§ **What you are asked to do**: Drop the images; return everything else in the listing below exactly.

§ **Input data**:
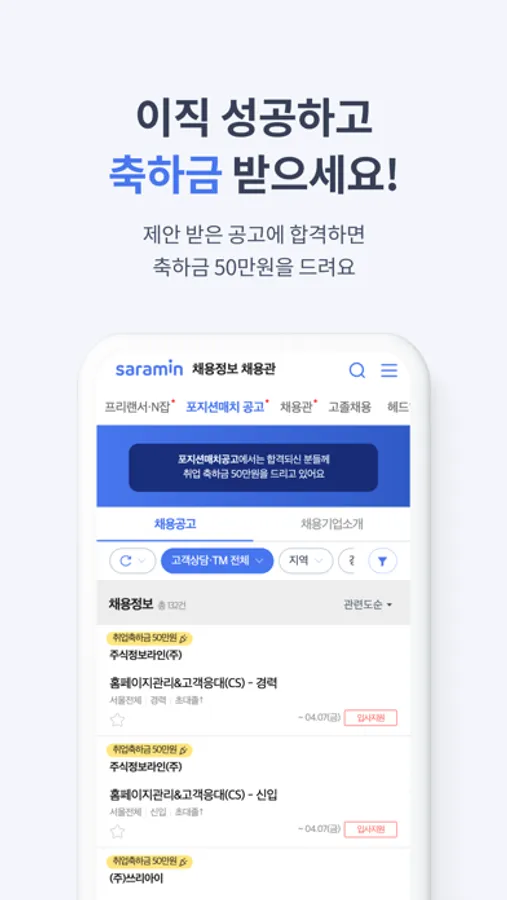- 이직 성공하고 축하금도 획득! 합격ㅋㅋ 채용공고로 합격되신 분들에게는 취업 축하금 50만원을 드립니다.
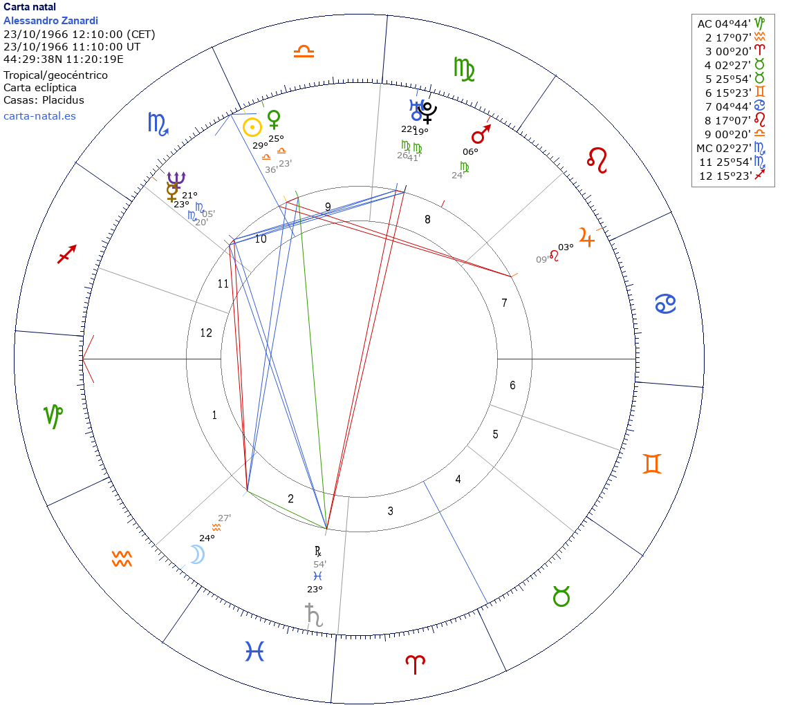 Esta es la carta natal de Alessandro Zanardi, piloto de carreras italiano.
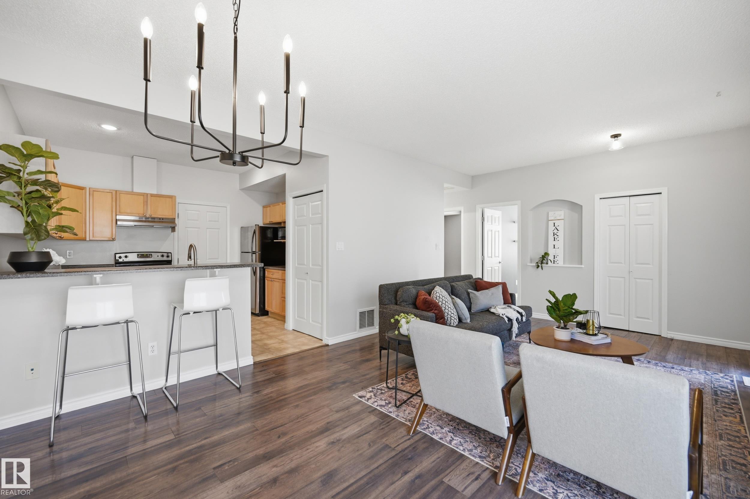 Located in the private Lake Community of Summerside - this 2 Bedroom + 1 Bathroom condo is sure to impress! The open concept main living space welcomes you as you walk in. Plenty of space to watch TV, and a quaint dining area. The kitchen features plenty of counter space, and stainless steel appliances. Down the hall is a 4 piece bathroom, 2 bedrooms including the Primary Bedroom w/ dual closets, one being a large walk-in closet. Completing this unit is the mechanical room w/ newer laundry pair, and a crawl space under the unit for additional storage! One single outdoor stall is located right outside the unit, and plenty of visitor parking. All the Summerside amenities, including exclusive beach and clubhouse access to use throughout the winter & summer long!

§ **Finished task**:
- 이직 성공하고 축하금도 획득! 합격ㅋㅋ 채용공고로 합격되신 분들에게는 취업 축하금 50만원을 드립니다.
 Esta es la carta natal de Alessandro Zanardi, piloto de carreras italiano.
 Located in the private Lake Community of Summerside - this 2 Bedroom + 1 Bathroom condo is sure to impress! The open concept main living space welcomes you as you walk in. Plenty of space to watch TV, and a quaint dining area. The kitchen features plenty of counter space, and stainless steel appliances. Down the hall is a 4 piece bathroom, 2 bedrooms including the Primary Bedroom w/ dual closets, one being a large walk-in closet. Completing this unit is the mechanical room w/ newer laundry pair, and a crawl space under the unit for additional storage! One single outdoor stall is located right outside the unit, and plenty of visitor parking. All the Summerside amenities, including exclusive beach and clubhouse access to use throughout the winter & summer long!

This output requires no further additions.